FIG. 6 schematically shows a nuclear reactor implementing another embodiment, in which the same parts as in FIGS. 3 and 5 are given the same reference numerals, and 21 is the main steam relief It is a valve. The difference between this embodiment and the embodiment using the system shown in FIG. 3 is that in order to reduce the furnace pressure by exhausting the steam after startup, the steam is transferred to the pressure suppression pool 15 using the existing main steam relief valve 21. This is the point that leads to this. That is, the main steam relief valve 15 can be opened and closed from the central control room by manual remote control, and the furnace pressure can be arbitrarily reduced at startup.

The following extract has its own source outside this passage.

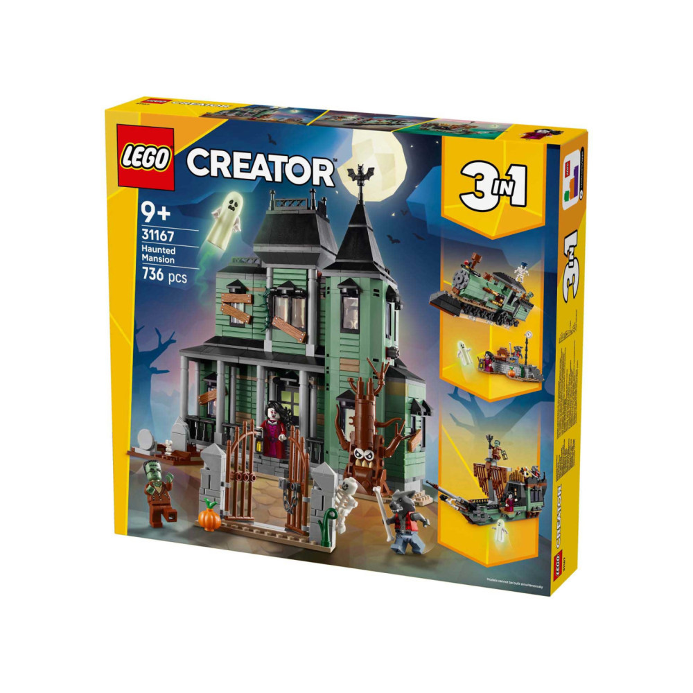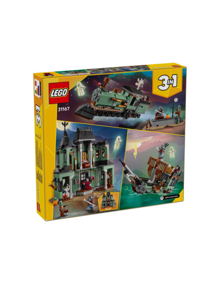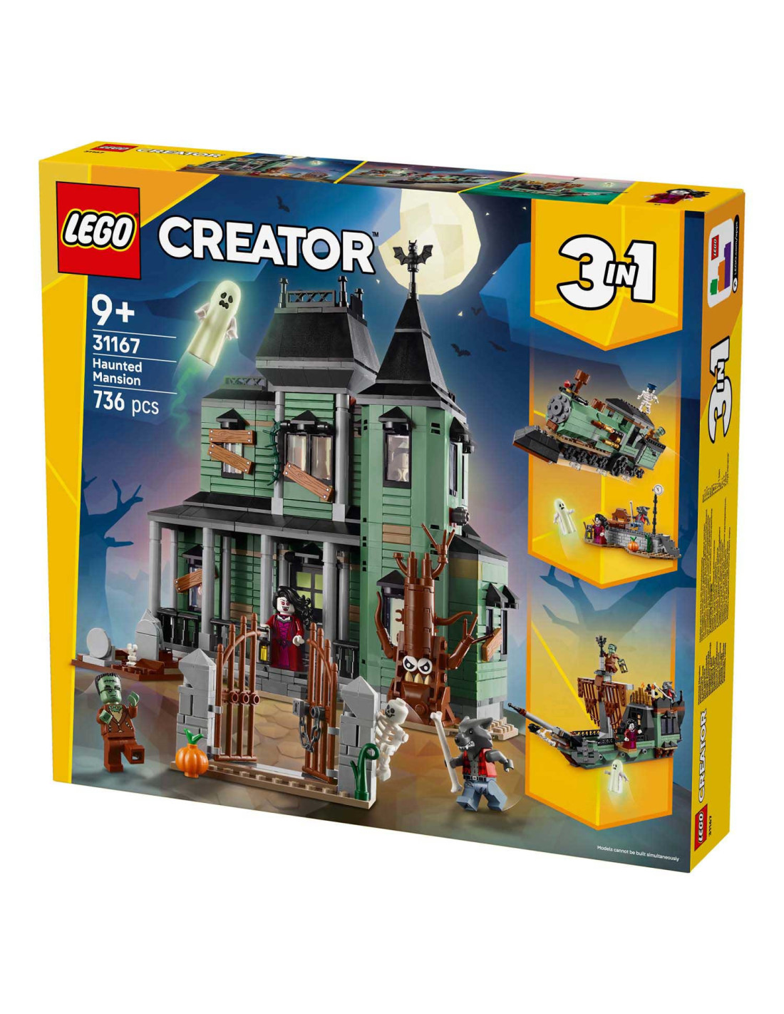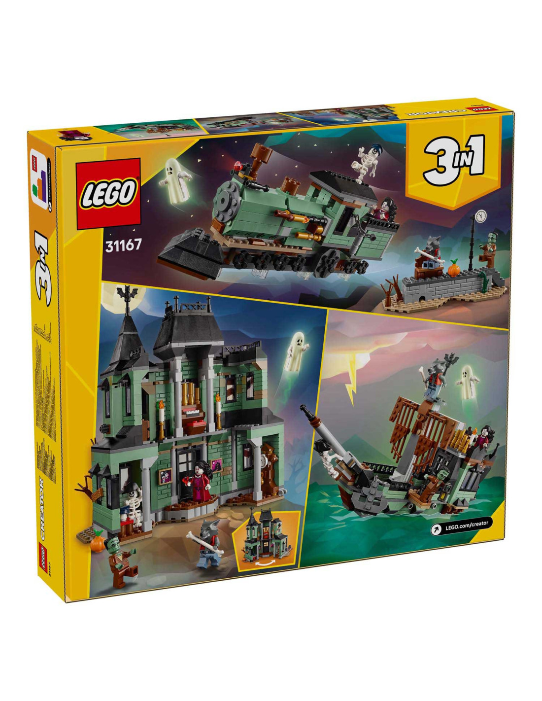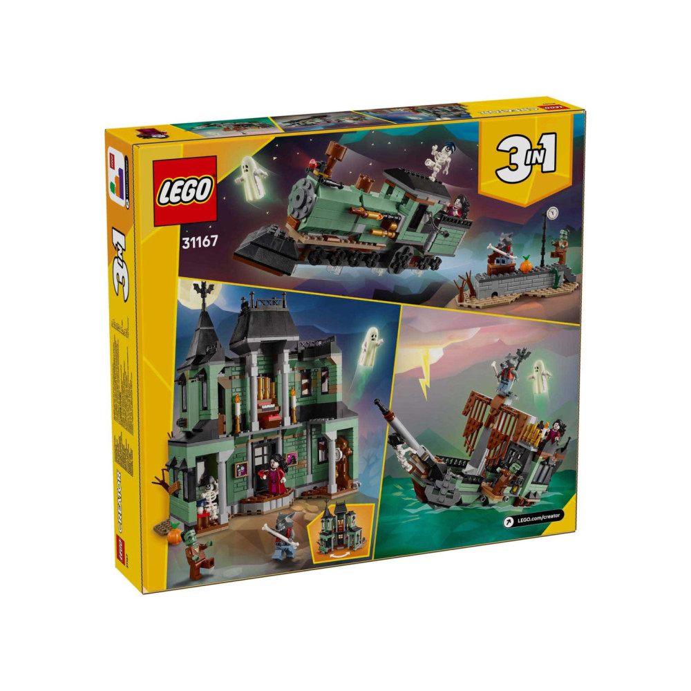 Speel griezelverhalen na met dit bouwbare LEGO® Creator 3in1 Spookhuis (31167). Het gebouw van 2 verdiepingen zit boordevol coole details en functies, waaronder een poort aan de voorkant die open kan, een kerkhof, een afneembare enge boom, een orgel en een spook dat verschijnt als je aan een wiel draait. Open het huis aan de achterkant voor nog meer speelplezier.

This embodiment has the same effect as the previous embodiment in terms of pressure reduction function, but with the structure of the main steam relief valve currently in use, the valve seat surface is reduced by opening and closing the main steam relief valve. Since there is a possibility of injury, the embodiment using the system shown in FIG. 3 is used when it is used frequently.

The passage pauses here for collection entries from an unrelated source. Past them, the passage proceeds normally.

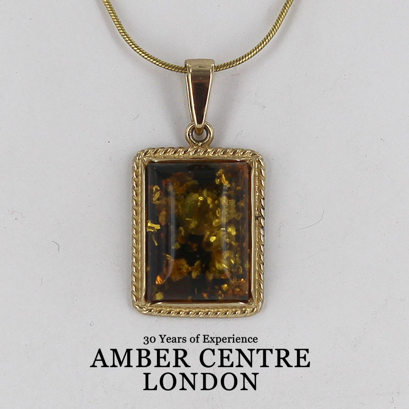 Italian Made German Green Baltic Amber Pendant in 9ct solid Gold -GP0110G RRP£445!!!
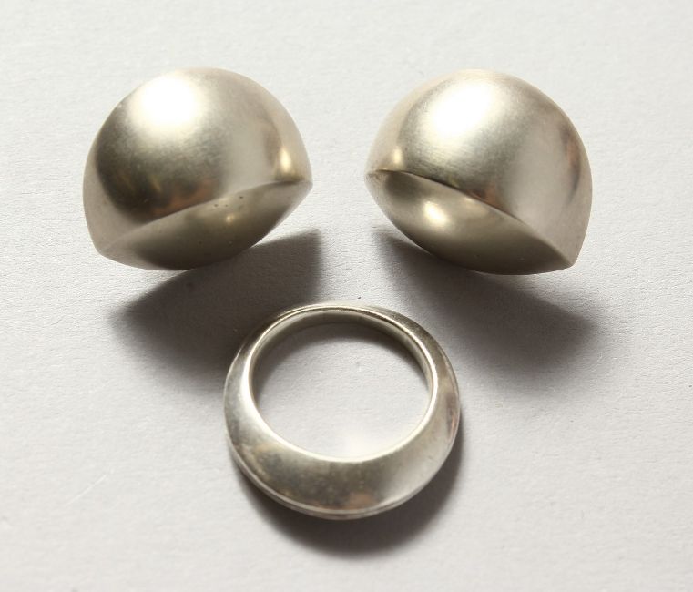 A PAIR OF SILVER EARRINGS AND RING by ULLA HORNFELDT.
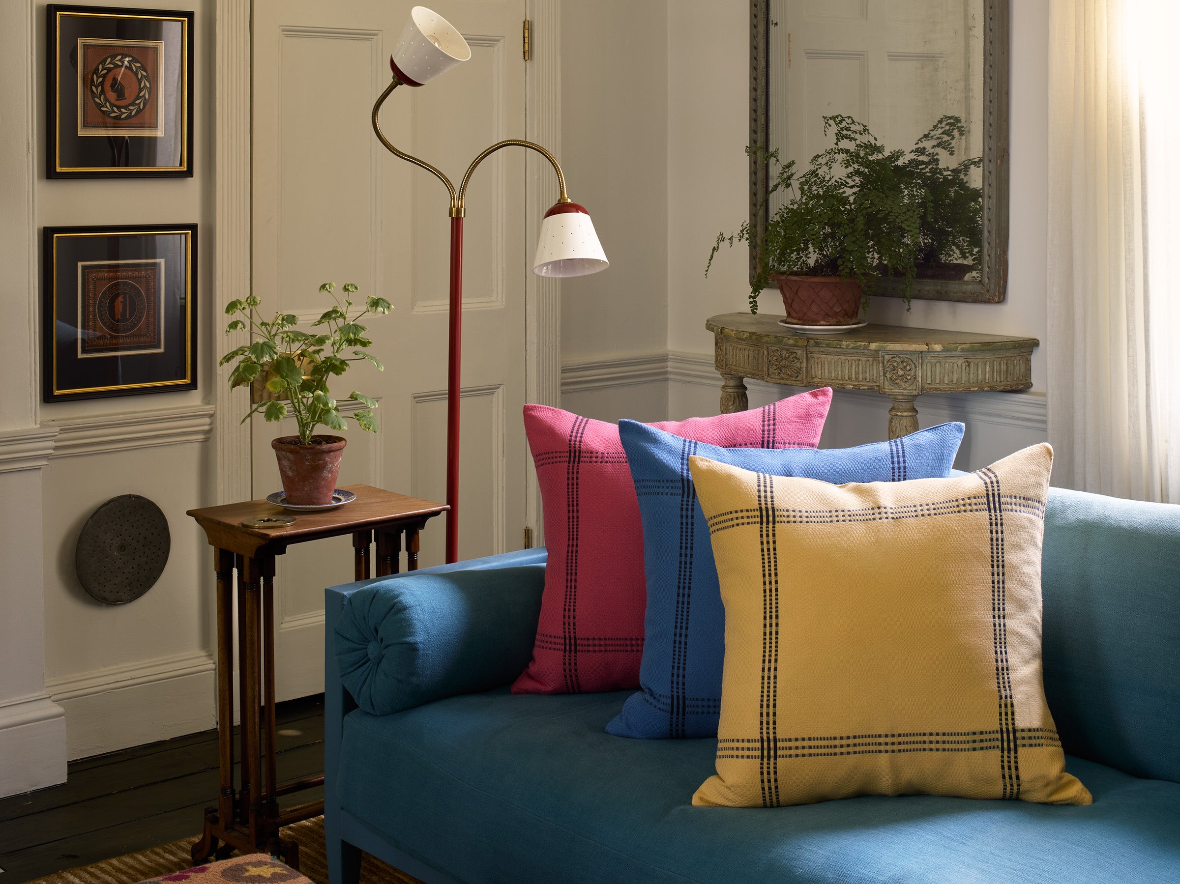 These Two-by-Two Cushion Covers are made with our Insjöns fabric, a celebration of Swedish weaving tradition. Woven on century old shuttle looms in a small town in Sweden, the intricate and iconic Daldräll pattern is created with a special blend of cotton and linen that produces a sturdy yet refined fabric that can be washed hundreds of times without losing its integrity - making them our first washable cushion covers - elegant and practical.
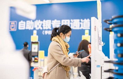 A citizen uses a self-checkout machine in a Walmart supermarket on Fengtian road, Shapingba district, southwest China's Chongqing municipality. (Photo/People's Daily Online)
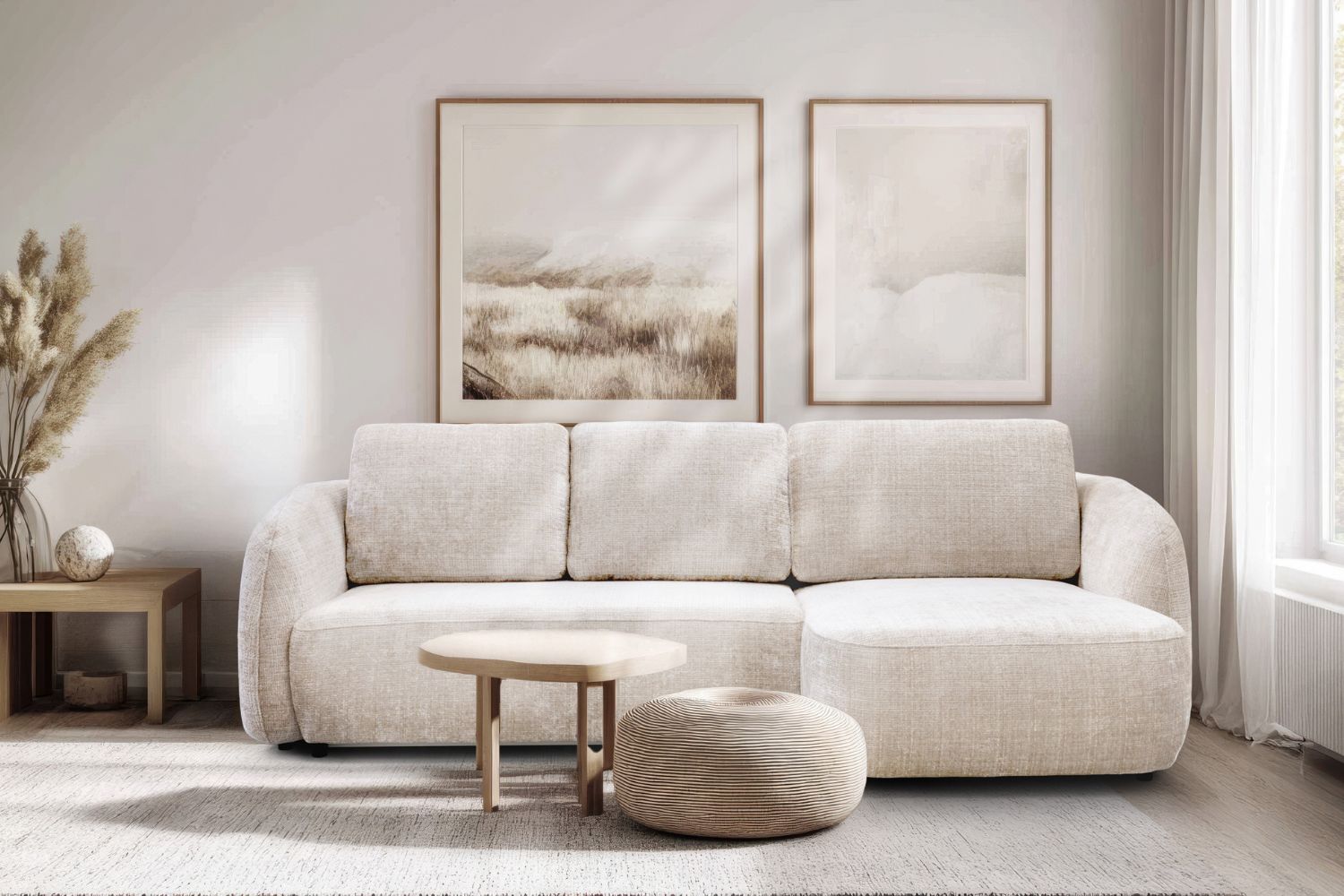 Canapé D'angle Convertible PORTO Tissu Marbella Blanc Cassé
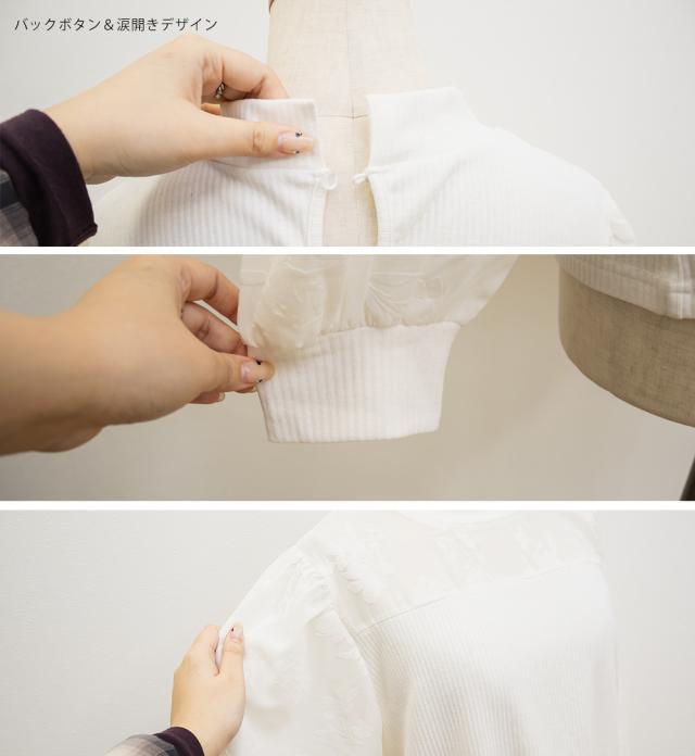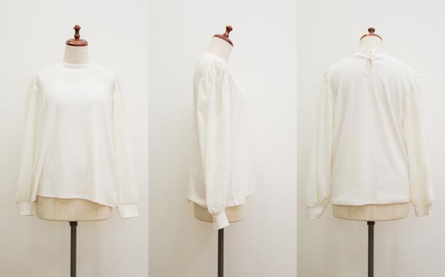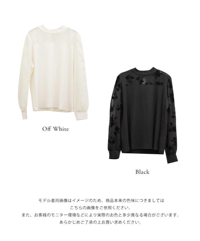 | 程よく伸縮性のある柔らかなリブ仕様のカットソー素材です。 (袖・襟ぐり部分はフロッキー加工の施されたシアー素材です。) |

As described above, the nuclear reactor startup method of the present invention makes it possible to prevent the occurrence of a temporary high SCC sensitivity region that occurs during startup, and has great industrial effects.

[Brief explanation of the drawing]

Figure 1 is a system diagram showing an overview of the system around a conventional nuclear reactor, Figure 2 is a diagram showing the characteristics of a conventional nuclear reactor startup method, and Figure 3 is a diagram showing the characteristics of a conventional nuclear reactor startup method. A schematic system diagram of a nuclear reactor implementing one embodiment of the method, FIG. 4 is a diagram showing the characteristics of the nuclear reactor startup method of the present invention, and FIG. 5 is a diagram showing the characteristics of the nuclear reactor startup method of the present invention. FIG. 6 is a system diagram showing an overview of the system around a nuclear reactor in which this embodiment is implemented. Similarly, FIG. 6 is a schematic system diagram of a nuclear reactor in which another embodiment is implemented. 2... Reactor pressure vessel, 4... Main steam line,
5... Main steam isolation valve, 8... Turbine, 9... Main condenser, 10... Vacuum device, 11... Reactor containment vessel, 12... Piping, 13... Electric valve, 15...
Pressure suppression pool water, 16...Furnace pressure gauge, 17...Dissolved oxygen meter, 18...Turbine bypass line, 1
9...Turbine bypass valve, 20...Sea water circulation water, 21...Main steam relief valve.

Claims (1)

[Claims] 1. A method for starting a nuclear reactor in which the reactor pressure vessel is vacuum degassed before starting the reactor, wherein the neutron flux density of the reactor core after startup is 10 ¹² n/cm ² or more. A method for starting a nuclear reactor, characterized in that the internal pressure of the reactor pressure vessel is adjusted intermittently to bring it to a reduced pressure boiling state, and the reactor is started while maintaining the dissolved oxygen concentration of the reactor water at 0.2 ppm or less. . 2. Piping that connects the inside and outside of the reactor pressure vessel to adjust the internal pressure of the reactor pressure vessel;
and claim 1, which uses a valve in the piping system to isolate the inside and outside of the reactor pressure vessel.
How to start up a nuclear reactor as described in section. 3. The method for starting a nuclear reactor according to claim 2, wherein the piping connecting the inside and outside of the reactor pressure vessel is connected to the turbine main condenser body space at its end.